By taking a comparative quantitative approach, we remove the need to pre-define the local context of probe localization, but experimental design is critical and novel interactors may require further validation to confirm their co-localization at a given locus (e.g., with imaging/FISH). With developments in automation and instrument sensitivity, DNA O-MAP has the potential to expand to post-translational modifications and be used for large-scale chromatin perturbation screens. We anticipate that DNA O-MAP will have broad utility for research questions seeking to understand the intricate relationships between DNA sequence, chromatin structure, and cellular function.
Methods
Cell culture and fixation
Authenticated colorectal cancer HCT-116 cells were obtained from ATCC and grown in ATCC-formulated McCoy’s 5A Medium Modified (ATCC 30-2007). EY.T4 mouse fibroblasts (a generous gift of the Jeannie T. Lee lab) were authenticated by in situ karyotyping and grown in ATCC-formulated DMEM (Gibco 11965-092). Authenticated human lymphoblast K562 cells were obtained from ATCC and grown in ATCC-formulated RPMI (Gibco 11875-093). All cell lines were supplemented with 10% fetal bovine serum and 100 U/ml penicillin–streptomycin and grown at 37°C in a humidified atmosphere of 5% CO2. All cell lines tested negative for mycoplasma contamination in PCR-based assays.
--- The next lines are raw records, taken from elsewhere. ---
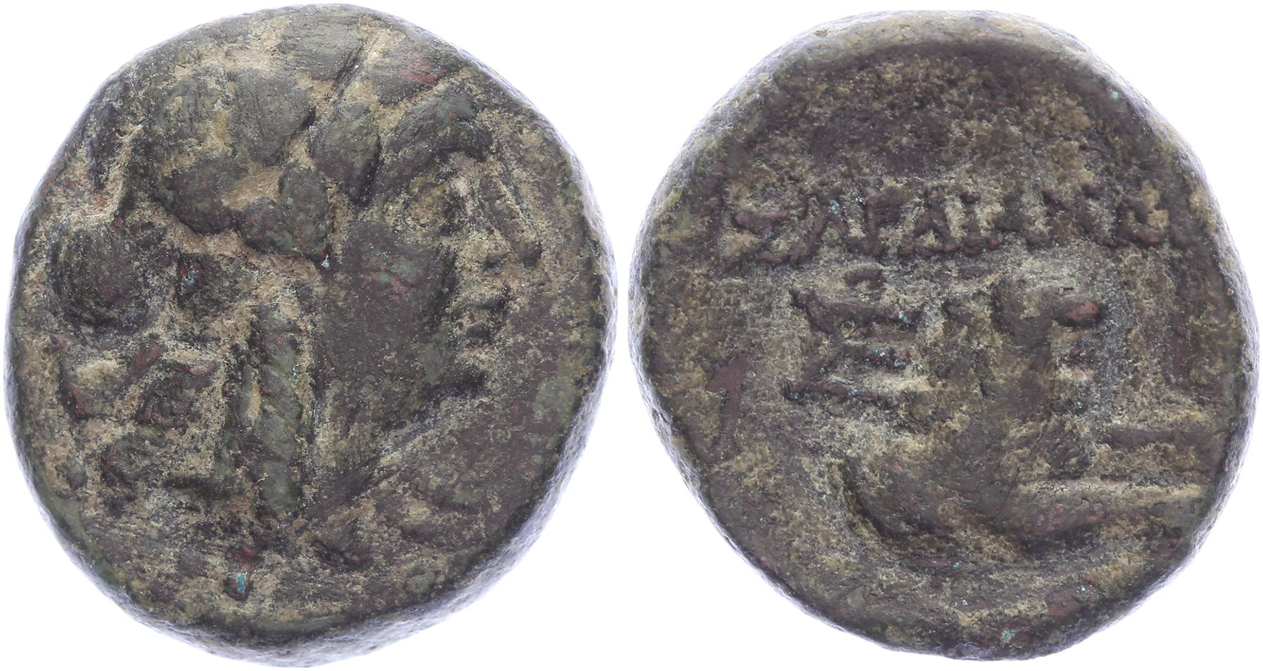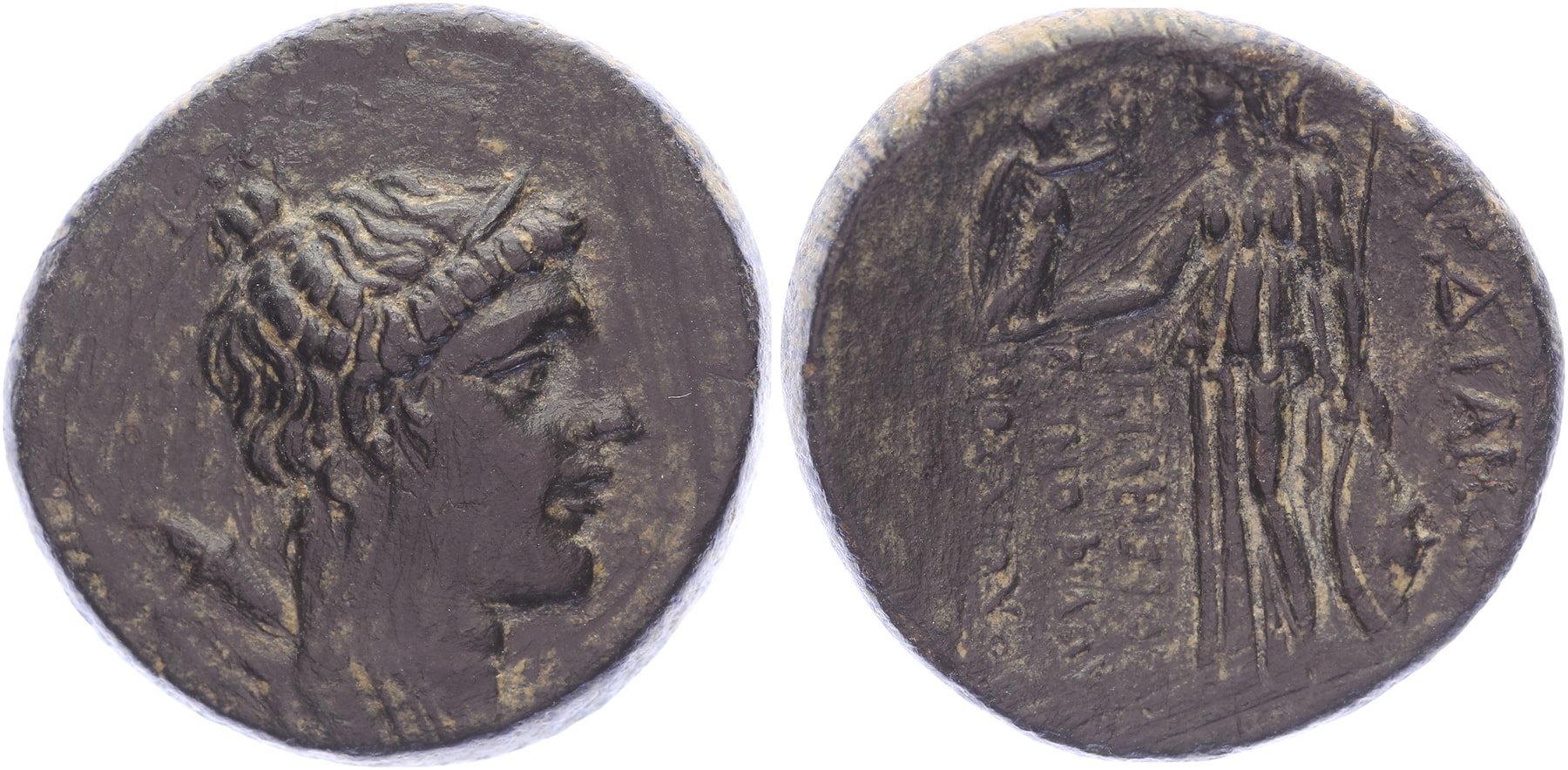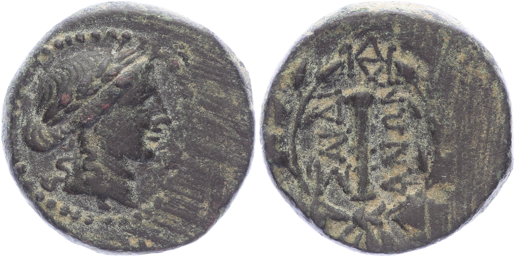 Lot (3) 2nd-1st Century BC. Æ [4,20 gm, 17 mm]. Laureate head of Apollo right / Club right within wreath. Kurth 9. Nice VF; Circa 133 BC-14 AD. Æ [7,74 gm, 22,1 mm]. Milesios, son of Demophilos Moschion), magistrate. Draped bust of Artemis right, with bow and quiver over shoulder / Athena standing left, holding crowning Nike with right hand and resting left hand upon shield, spear behind to right. BMC Lydia, 59; Bell, Sardis IX, 1, p.27, 263. Minor cleaning scratches, VF; Æ [4,40 gm, 15,7 mm]. Wreathed head of Dionysos right / Forepart of lion right. Kurth 182. aVF.Purchased from Tom Vossen, November 2003 (1, 3) & F. Javorscheck, June 1999 (2)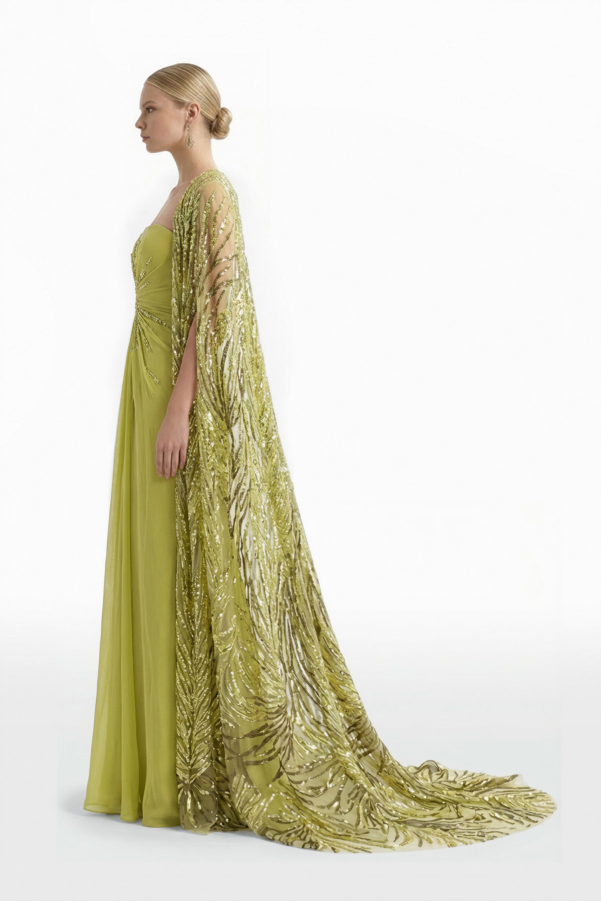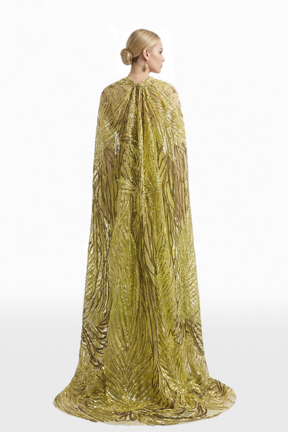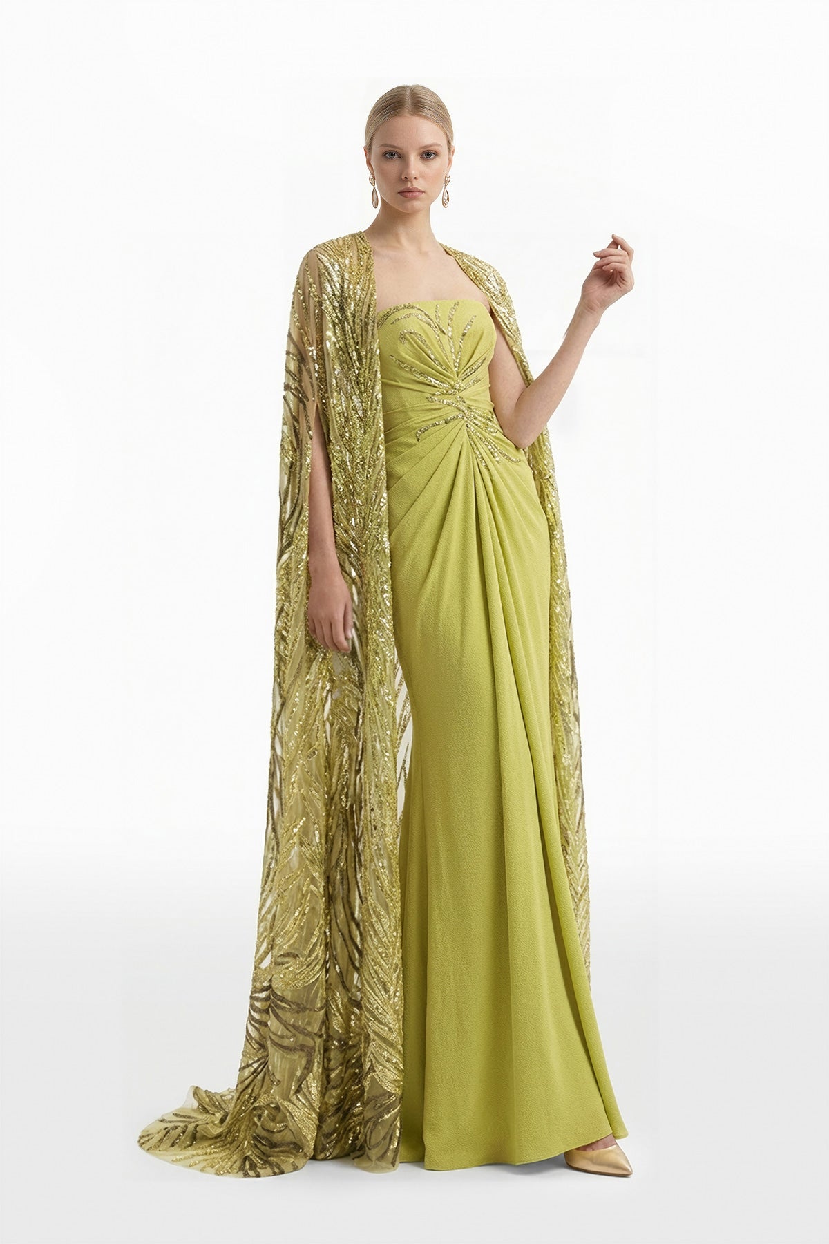 فستان طويل من الكريب باللون الأخضر الزيزفوني، يتميز بتصميم بدون أكمام وقصة مطوية، مزين بالترتر لإضفاء بريق خفيف وأنيق، مع رداء باللون الأخضر الزيزفوني مطرز بالكامل بتطريزات معقدة من الترتر لإضفاء لمسة نهائية أنيقة وغنية بالملمس.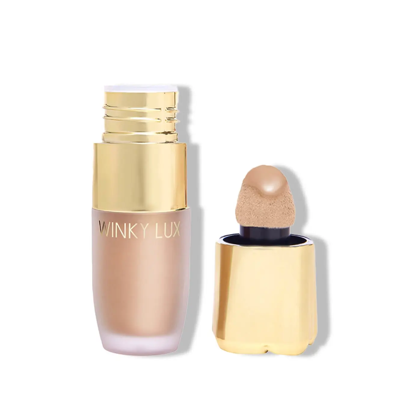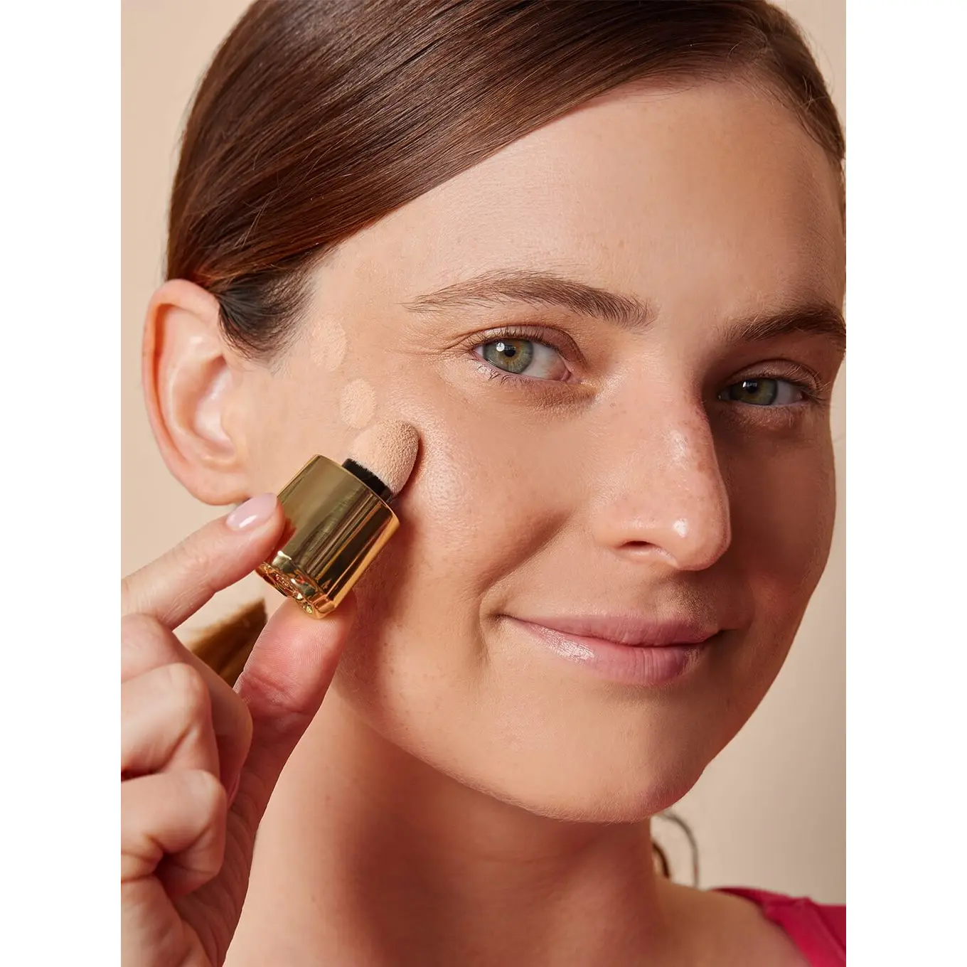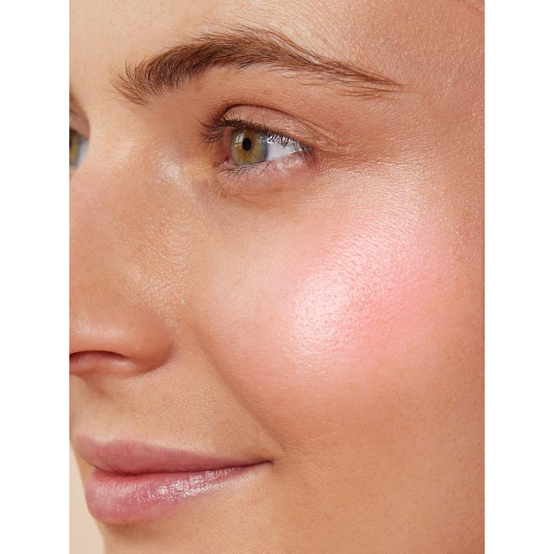 Shake well, dot onto high points of face (such as cheekbones, brow bones, and cupid’s bow), and blend out with fingers, sponge, or a brush.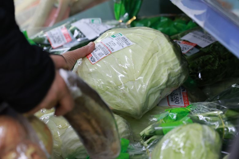 가격에 눈길, 떨이에 손길 서울시내 할인마트의 세일코너에서 23일 한 소비자가 양배추를 살펴보고 있다. 한국농수산식품유통공사에 따르면 이달 양배추 평균 소매가는 6121원으로 배추(5506원)보다 비싸다. 연합뉴스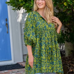 Natural Life Aimee Mini Tunic Dress – Blue Green Floral

For each HCT 116 purification, 20 million cells were seeded into one T-500 flask (Thermo Scientific 132867) to culture for 36–48 hr to reach 90–120 million cells. Before collection, cells were briefly rinsed once with Dulbecco’s phosphate-buffered saline (DPBS) and then incubated with 25 ml of TrypLE Express Enzyme (Gibco 12604-021) at 37°C for 2 min or until loosely attached. For each K562 purification, 25 million cells were seeded into one T-500 flask to culture for 48 hr to reach 100 million cells. Before collection, cells were briefly rinsed once with DPBS. For inhibition of EZH2, K562 cells were grown and harvested, as described above, in medium supplemented with either 5 µM GSK126 (Tocris 6790) or DMSO for 48 hr and then collected. For both HCT 116 and K562 purifications, the cell suspension was collected into two 50 ml conical tubes and the T-500 flask was rinsed with DPBS. The wash was combined with the cell suspension and centrifuged at 300 × g for 5 min. After a DPBS wash to remove remaining TrypLE, cells were fixed in 4% paraformaldehyde (wt/vol) (Electron Microscopy Sciences 15710) in phosphate-buffered saline (PBS) in suspension at room temperature for 10 min with rotation, followed by 125 mM Glycine quenching for 5 min at room temperature with rotation and 15 min on ice. Fixed cells were collected by centrifugation at 350 × g for 5 min and stored in fresh DPBS at 4°C until liquid-phase hybridization. Fixed cells were used within 3–5 days.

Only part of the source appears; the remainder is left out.